Member of the Scottish Parliament for North East Scotland (1 of 7 Regional MSPs)
- Incumbent
- Assumed office 7 May 2026

Personal details
- Born: Chou Yi-pei Taiwan
- Party: Scottish Liberal Democrats
- Website: www.scotlibdems.org.uk/about-us/our-candidates/yi-pei-chou-turvey

= Yi-pei Chou Turvey =

Scottish Liberal Democrat politician

Yi-pei Chou Turvey (周怡霈; WG:Chou¹ Yi²-pei⁴ ;HP: Zhōu Yípèi; born 1981) is a Scottish Liberal Democrat politician who has served as a Member of the Scottish Parliament (MSP) for the North East Scotland region since 2026.

== Biography ==
Chou Turvey was born in Taiwan and raised in Brussels, where she met her now husband, Michael Turvey, in 2009. They later moved to Aberdeenshire and were married in 2012.. Like her husband, she originally supported the Scottish Conservatives before switching to the Lib Dems.

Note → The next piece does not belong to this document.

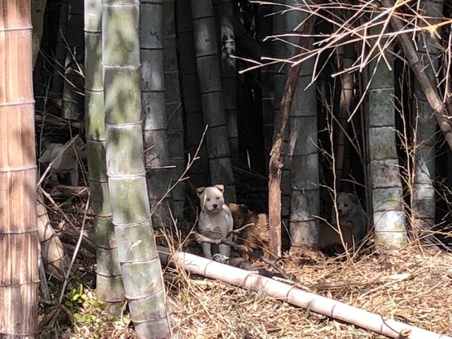 おととい散歩のとき、山のお寺に行く途中の竹藪の前で柴犬風の茶色の仔犬を見つけた。そのときはすぐに竹藪の中に隠れてしまった。昨日の散歩ではスマホで激写しようと準備万端で山の中に入っていくと昨日とは違う白い仔犬がいた(◎_◎;)昨日の仔犬も可愛かったけど、この白い犬も可愛い。昨日の仔犬と大きさは同じくらい。生後何か月くらいだろう?この犬は怖がらずに私の顔を見に来た。そしてそのまままた竹藪に入っていった。???山に住む2匹の仔犬???な、、、なんなんだろう?吠えることも威嚇することも喜んでしっぽを振ることもない。ただ「あんた誰?」って感じの顔してた。そして今日も行ってみると、、、、竹藪の前にモサモサと何かがいる!!!スマホではこれで精いっぱいの拡大、、、なんと仔犬が4,5匹いる!3匹くらい近づいてきたよ。また「あんた誰?」ってかんじ(~_~;)このお寺に来るようになってほぼ2週間。山の散歩中、誰にも会ったことはない。、、、、こんな仔犬が住んでいることを知っている人はいるのだろうか?お寺の人に言った方がいいのかな。勝手な想像だけど、市営住宅に住む動物好きのおばあさんか誰かが餌をあげてるのかもしれない。どうかこのお寺のお狐様(←お堂の前にいる)仔犬たちの未来が幸せでありますように、お守りください今日の庭仕事久しぶりの水やり春が近づいてきて嬉しいけれどまた毎日水やりの季節が近づくと思うとちょっと大変だな~と思うのは正直な気持ち(~_~;)鉢を少なくするしかないかな。クレマチス花壇の雑草を取り手作り米ぬか堆肥をたっぷりとあげておいた。今年も綺麗に咲いてくれますように(#^^#)クレマチス フルディーンFlowers are our greatest silent friends.花は最高のもの静かな友にほんブログ村no

Chou Turvey is a member of Aberdeenshire Council, representing the Banchory and Mid-Deeside ward. She is a member of Chinese, East & South East Asian Liberal Democrats.

She was elected as a list MSP for North East Scotland in the 2026 Scottish Parliament election, also unsuccessfully standing in Aberdeen Central, placing fifth. She and her husband both stood as candidates. Chou Turvey notably took her oath of office in Mandarin, French, and English.